Fact Sheet: What the Experts Say on Student Drug Testing

Social Science Research on Adolescent Drug Use and School Involvement

American Academy of Pediatrics, "Testing for Drugs of Abuse in Children and Adolescents," (offsite) Pediatrics Vol. 98 No. 2 August 1996: The AAP writes in opposition to non-suspicion-based screening for drug use among adolescents as a prerequisite to participation in school activities, stating: "Notwithstanding the Supreme Court ruling [in Vernonia School District 47J v. Acton], students and student athletes should not be singled out for involuntary screening for drugs of abuse. Such testing should not be a condition for participation in sports or any school functions except for health-related purposes. Suspicion of drug use warrants a comprehensive evaluation by a qualified health professional."

Dr. William Bailey, Indiana Prevention Resource Center, 1998 Survey of "Alcohol, Tobacco, and Other Drug Use by Indiana Children and Adolescents," (offsite): Results from the Indiana survey, relating reported drug use by various adolescent groups with the potential that a particular drug will be detected, suggest that "many random school drug testing programs are unlikely to detect much drug use, since they often target the lowest risk students with tests that are unlikely to detect use of anything other than tobacco or marijuana use."

Dr. Jeanne E. Jenkins, "The Influence of Peer Affiliation and Student Activities on Adolescent Drug Involvement," (offsite) Adolescence, Vol. 31, No. 122, Summer 1996: In a study of extracurricular activity involvement by 2,229 students in sixth, seventh, and eighth grades, Dr. Jenkins found that involvement in extracurricular activities was correlated significantly with decreased drug use. Further, she concluded that a student's risks of engaging in drug use was heightened by continued association with drug-using peers.

The National Center for Education Statistics, "Violence & Discipline Problems in U.S. Public Schools: 1996-1997" (offsite): Zero tolerance is a policy that mandates predetermined consequences or punishments for specified offenses. This report found that 94% of all schools have zero tolerance policies for possession of weapons or firearms, 87% for possession of alcohol, while 79% report mandatory suspensions of expulsions for violence or possession of tobacco.

Office of Juvenile Justice and Delinquency Prevention, "Juvenile Offenders and Victims: 1997 Update on Violence," (offsite) Washington, D.C.: U.S. Department of Justice, 1995. Data provided by the Justice Department reveals that the peak hours for violent juvenile crime are 3:00 p.m. to 8:00 p.m., the period when millions of young people are left without adult supervision or constructive activities.

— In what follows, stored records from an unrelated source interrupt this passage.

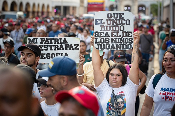 当地时间10月30日,委内瑞拉民众举行示威游行,抗议美国在加勒比海的军事部署。 IC Photo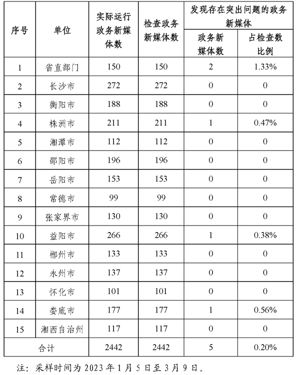 对全省正常运行的2442家政务新媒体进行普查,发现5家存在突出问题,总体合格率为99.8%。长沙市、衡阳市、湘潭市、邵阳市、岳阳市、常德市、张家界市、郴州市、永州市、怀化市、湘西自治州政务新媒体检查合格率100%。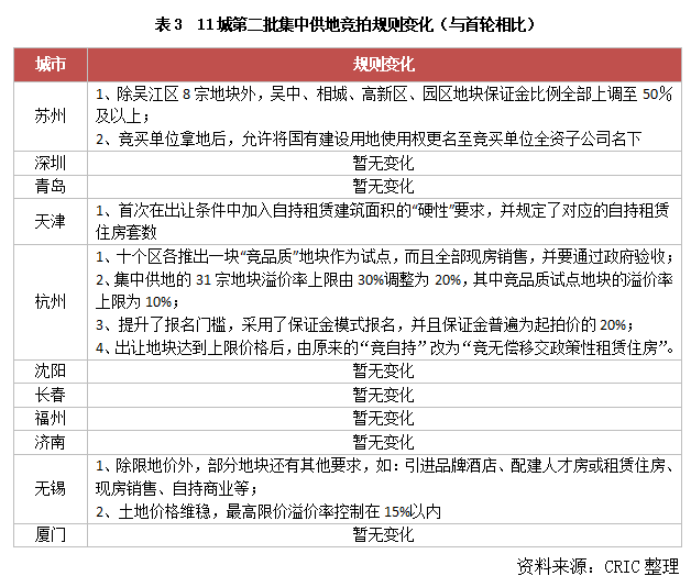 土拍規則方面,本輪集中供地競拍規則較首輪更加完善和細化,體現了精準調控的方向,尤其是上輪競拍中市場熱度較高的杭州、無錫、蘇州等城市,均針對其首輪拍地時暴露出的問題,出臺了“打補丁”新規。

The sharpest increase in juvenile crime occurs between the hours of 3:00 p.m. and 4:00 p.m., when the rate nearly triples.

Robert Taylor, "Compensating Behavior and the Drug Testing of High School Student Athletes," (offsite) The Cato Journal Vol. 16 No. 3: "Civil Liberties issues aside, the random drug testing of athletes may be a very risky policy innovation?few people would question the desirability of minimizing the use of drugs among minors. The use of random, suspicionless drug testing of school athletes as a means to achieve this end is more open to question, however. Not only does this policy invade the privacy of a group of students who are relatively unlikely to use drugs, but it also discourages athletic participation and may actually lead to an increase in overall drug use."

The Rutherford Institute, Amicus Brief (offsite) in Board of Education v. Earls: "The more students are engaged in the extra curricular life of the school, the less time and inclination they will have to get caught up in drug use." If students are drug tested as a prerequisite for participation, the benefit of extra curricular activities occupying the time of students who might otherwise be using drugs is lost.

U.S. Department of Health and Human Services, Office of the Assistant Secretary for Planning and Evaluation, "Adolescent Time Use, Risky Behavior and Outcomes: An Analysis of National Data" (offsite) (September 11, 1995): A government study of adolescent use of leisure time found that participation in extracurricular activities helps reduce student involvement in risky activities, such as drug use, by reducing their after-school free time. For example, in comparison to those who spent 1-4 hours per week in extracurricular activities, the 10th graders studied were: "57 percent more likely to have dropped out by the time they would have been seniors; 49 percent more likely to have used drugs; 37 percent more likely to have become teen parents; 35 percent more likely to have smoked cigarettes; and 27 percent more likely to have been arrested." Further, the study found different relationships among various activities and risky behaviors: whereas student athletes were more likely to have engaged in binge drinking, students who participated in band, orchestra, chorus, or in a school play or musical were significantly less likely to engage in that or nearly any other problem activity.

U.S. Department of Justice, Federal Bureau of Investigation, "Crime in the United States: Uniform Crime Reports (2000, 1998, 1993)" (offsite): There has been a continuing decline nationwide in the rate and number of youth arrested for serious violent offenses (criminal homicide, robbery, aggravated assault and forcible rape). Juvenile homicide rates, in particular, dropped 56% from 1993 to 1998.